Minimizing Interfacial Recombination in 1.8 eV Triple‐Halide Perovskites for 27.5% Efficient All‐Perovskite Tandems

All‐perovskite tandem solar cells show great potential to enable the highest performance at reasonable costs for a viable market entry in the near future. In particular, wide‐bandgap (WBG) perovskites with higher open‐circuit voltage (VOC) are essential to further improve the tandem solar cells’ performance. Here, a new 1.8 eV bandgap triple‐halide perovskite composition in conjunction with a piperazinium iodide (PI) surface treatment is developed. With structural analysis, it is found that the PI modifies the surface through a reduction of excess lead iodide in the perovskite and additionally penetrates the bulk. Constant light‐induced magneto‐transport measurements are applied to separately resolve charge carrier properties of electrons and holes. These measurements reveal a reduced deep trap state density, and improved steady‐state carrier lifetime (factor 2.6) and diffusion lengths (factor 1.6).

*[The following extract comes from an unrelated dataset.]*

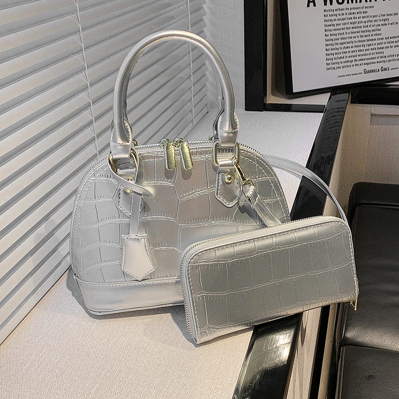 2022 New Fashion Crocodile Pattern Shoulder Bag Luxury Shell Shape Handbag Sets 2 Pieces Lady Hand Bags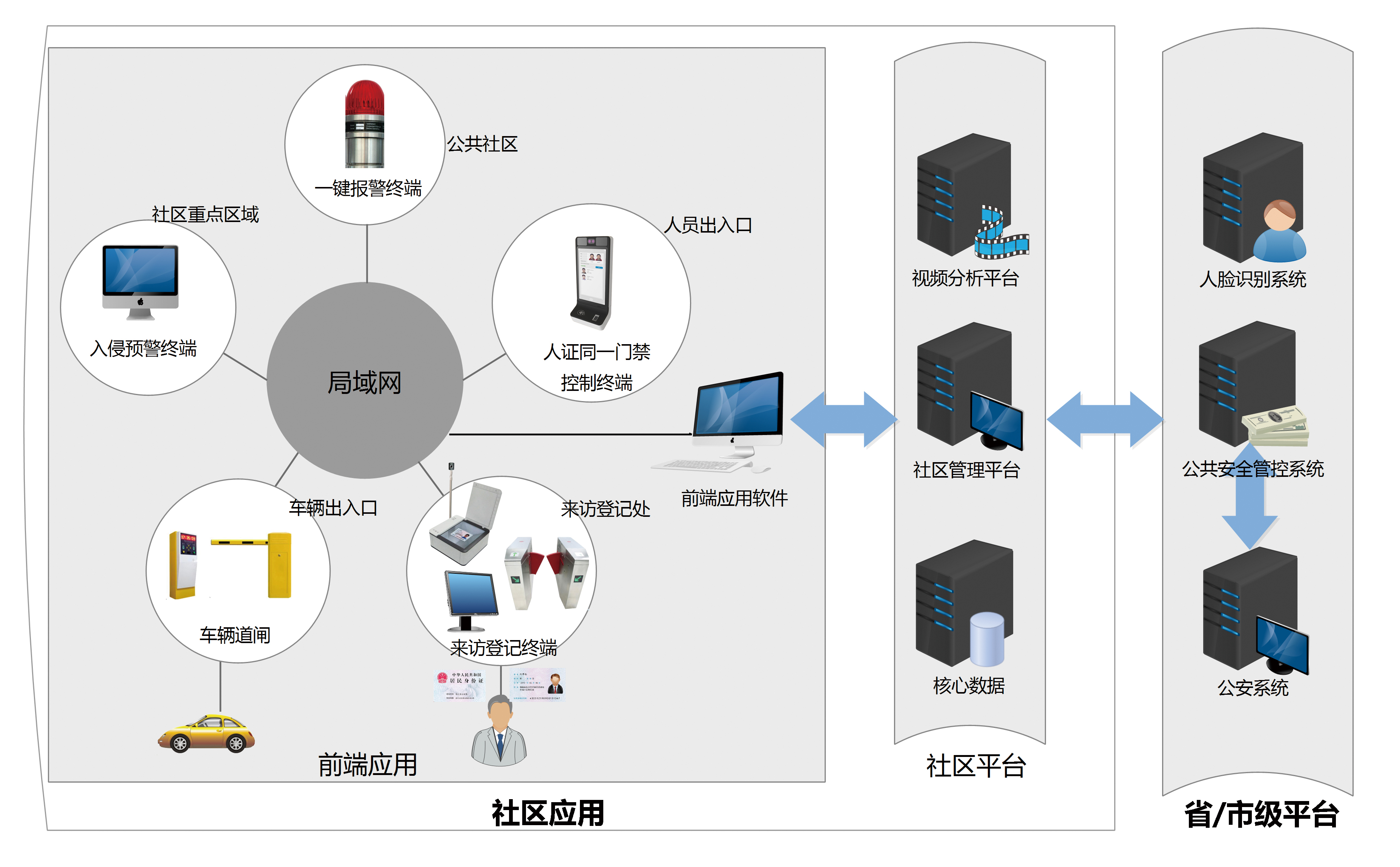 各類身份信息采集終端+園區(qū)管理平臺+省市級管理平臺。身份信息采集終端包括:證卡識讀終端(含人像、指紋采集)、車牌車型識別終端、訪客登記設(shè)備、門禁控制設(shè)備;管理平臺包含人員信息采集、人證同一認(rèn)證、聯(lián)網(wǎng)核查、車牌識別、自動通關(guān)、門禁控制、入侵預(yù)警、一鍵報警等管理子系統(tǒng)。

As a result, WBG PSCs achieve 1.36 V VOC, reaching 90% of the radiative limit. Combined with a 1.26 eV narrow bandgap (NBG) perovskite with a rubidium iodide additive, this enables a tandem cell with a certified scan efficiency of 27.5%. W e present a new 1.80 eV wide‐bandgap (WBG) perovskite treated with piperazinium iodide (PI) for all‐perovskite tandem solar cells. This treatment eliminates non‐radiative recombination losses and reduces defect density resulting in an open circuit voltage of 1.36 V and enhanced photostability. Combined with a narrow bandgap (NBG) perovskite, this enables a tandem cell with a certified scan efficiency of 27.5%.